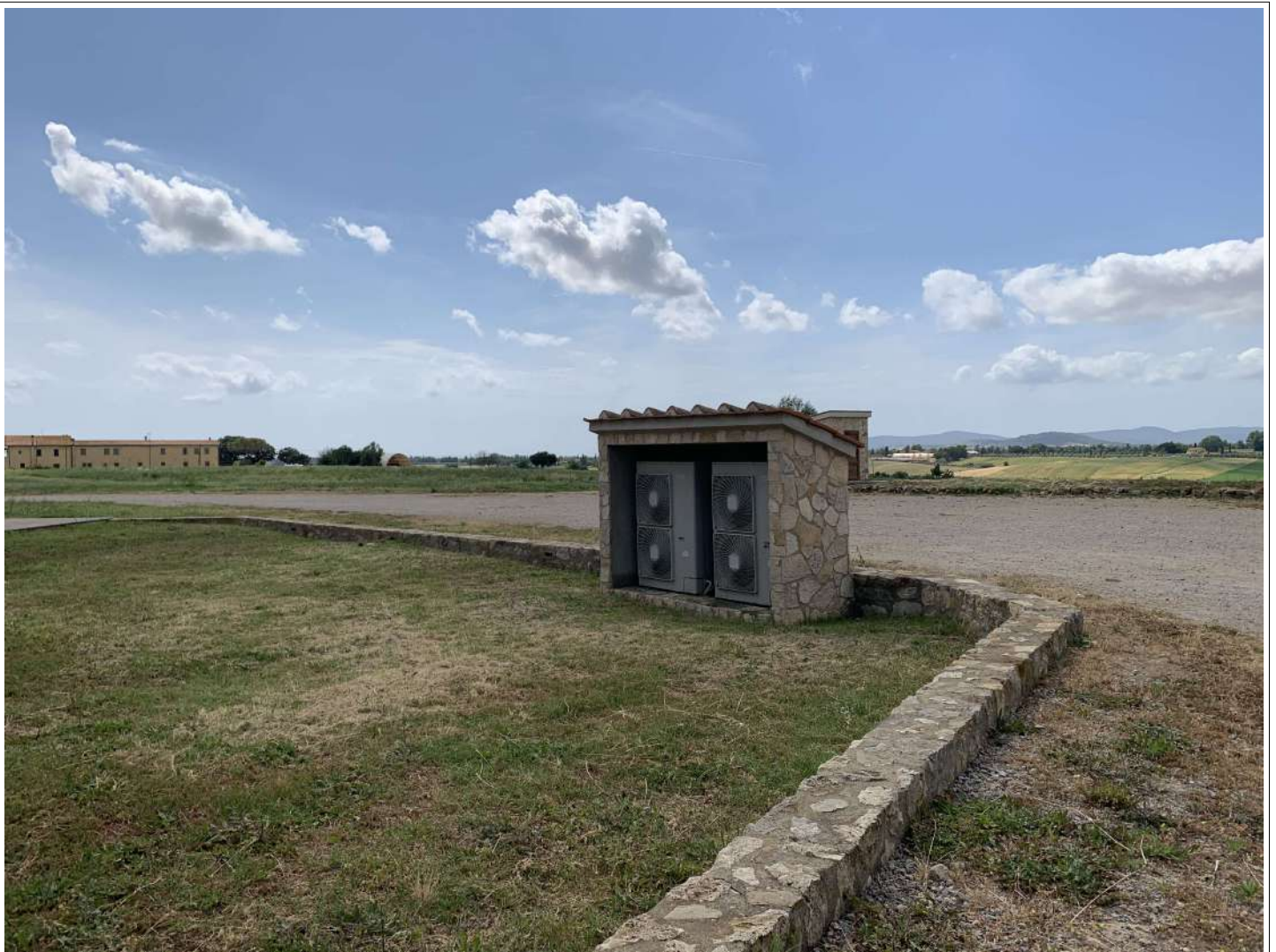
18 Piccolo volume tecnico

58100 GROSSETO, VIA ROMA N° 3 - CELL. +393476223950
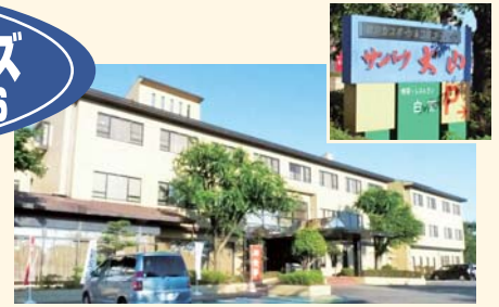
温泉、レストラン、ラウンジからスポーツジム、会議室まで揃った宿泊型スポーツ&コミュニティ施設。 経営：株式会社鶴水スポーツ(本社：愛知県豊田市)
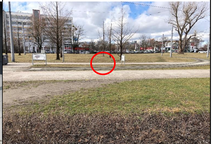
Punkt der Ersatzanregung, Max-Bill-Straße
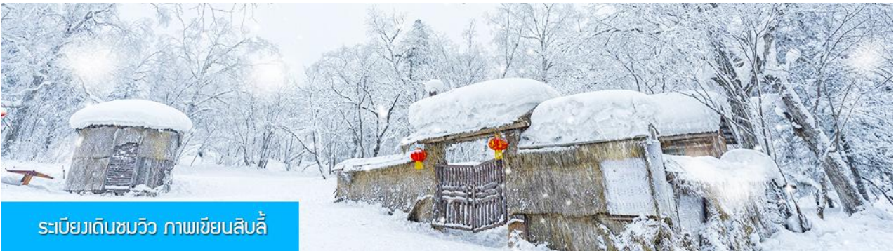
ระเบียบดินชมวิวก ภาพเขียนสิบลี้
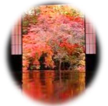
岩倉実相院・床モミジ
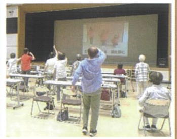
(蒲生まち協音頭で体操)
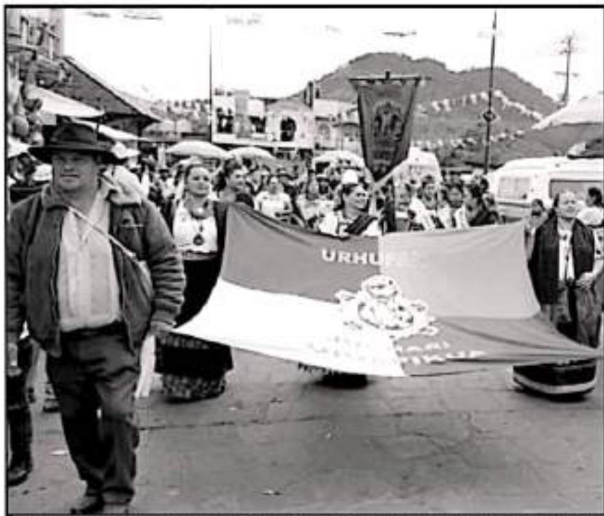
LA LUCHA DE LOS INDÍGENAS NO HA CLAUDICADO CONTRA INTENCIONES DE DESMANTELAR LA COSMOSIÓN DE LAS ETNIAS

El prolongado episodio histórico, posterior al arribo de los españoles a tierras americanas, debe ser un claro ejemplo de la tortura y determinación de los indígenas quienes durante estos siglos no han claudicado a su lucha contra los intentos, de algunos, para desvirtuar la cosmovisión de las etnias, que es la esencia de su existencia a pesar de un nuevo orden de vida pero que ha podido acoplarse con la
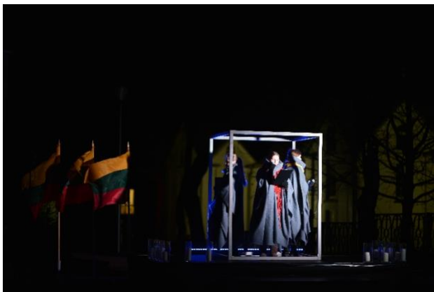
Radviliškio miesto kultūros centras

2008 metais Tarptautinė komisija pakvietė jungtis bendrojo ugdymo įstaigas prie iniciatyvos „Atmintis gyva, nes liudija“; idėją palaikė 47 Lietuvos mokyklos. Vėliau Tarptautinė komisija kreipėsi į įvairias institucijas ir organizacijas, kviesdama prisijungti prie idėjos – uždegti žvakutes languose dešimt minučių sausio 13 – osios rytą.
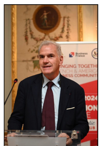
Transatlantic Business Club 2024
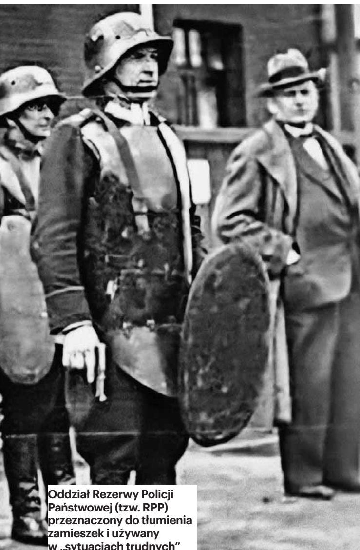
Oddział Rezerwy Policji Państwowej (zw. RPP) przeznaczony do tłumienia zamieszek i używany w „sytuacjach trudnych”
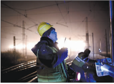
↑1月1日凌晨,在京哈铁路电气化大修工程滦县站,中铁电气化局的员工在严寒中进行安装作业。
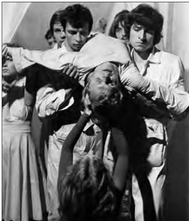
Fot. 76. Studencki Teatr Satyry „Pstrąg” – podczas przedstawienia „W poszukiwaniu koloru”

Poprawa sytuacji politycznej w środowisku uniwersyteckim po wydarzeniach październikowych doprowadziła jednocześnie do poważnych kłopotów w organizacji partyjnej i ZMP. Praktycznie organizacja Związku Młodzieży Polskiej przestała istnieć, natomiast w PZPR nastąpił spadek liczby członków z 241 w 1955 r. do 167 jesienią 1956 r. i 153 w 1958 r. Wśród osób odchodzących z partii przeważali studenci oraz młodzi pracownicy naukowo-dydaktyczni, głównie kandydaci PZPR 36 .
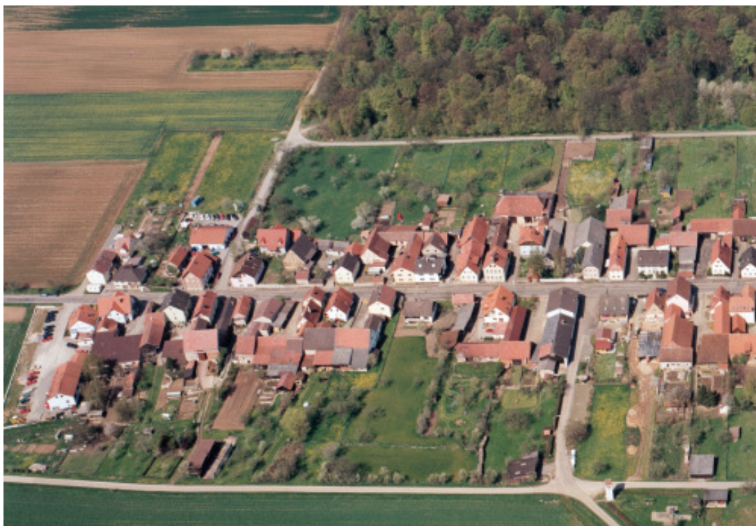
Luftbild von Neubessingen aus Jahr 2001
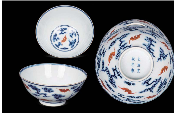
江西瓷業公司宣統雲蝠紋碗
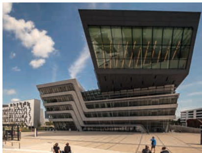
WIRTSCHAFTSUNIVERSITÄT WIEN / © Stephan Huger

(2) Bei der Beurteilung, ob eine Beeinträchtigung nach Abs.1 vorliegt, ist die Verbindung mit den fachlich in Betracht kommenden Bereichen in und außerhalb der Universität angemessen zu berücksichtigen. Der Begriff „wesentliche dienstliche Interessen“ kann durch Betriebsvereinbarung präzisiert werden.
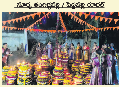
సూర్య తంగళ్లపల్లి / పెద్దపల్లి రూరల్
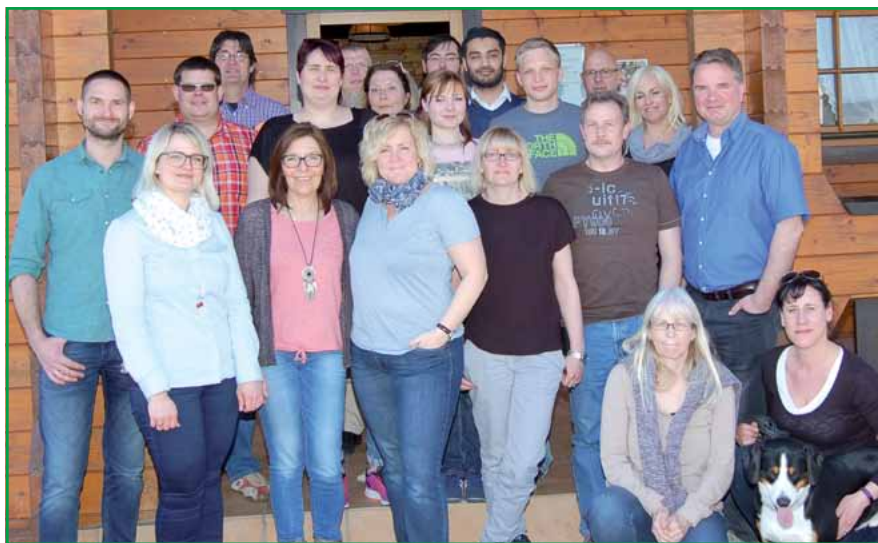
Die Teilnehmer des Seminars in Zella

2. Seminar für Kolleginnen und Kollegen aus GdP-Vorständen in Zella
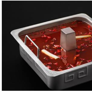
Spicy Seafood Soup Base
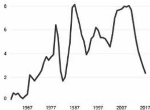
Рис. 2. Співвідношення наукових публікацій і патентних сімейств ШІ [6]
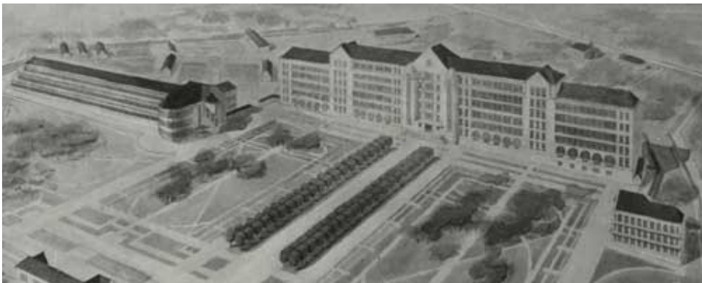
LE XXÈ SIÈCLE
+ + + + + + +
Restate the data exactly, though only from the line that contains "Die Teilnehmer des Seminars in Zella" through its last line, both ends included and with the pictures left out.

Die Teilnehmer des Seminars in Zella

2. Seminar für Kolleginnen und Kollegen aus GdP-Vorständen in Zella
Spicy Seafood Soup Base
Рис. 2. Співвідношення наукових публікацій і патентних сімейств ШІ [6]
LE XXÈ SIÈCLE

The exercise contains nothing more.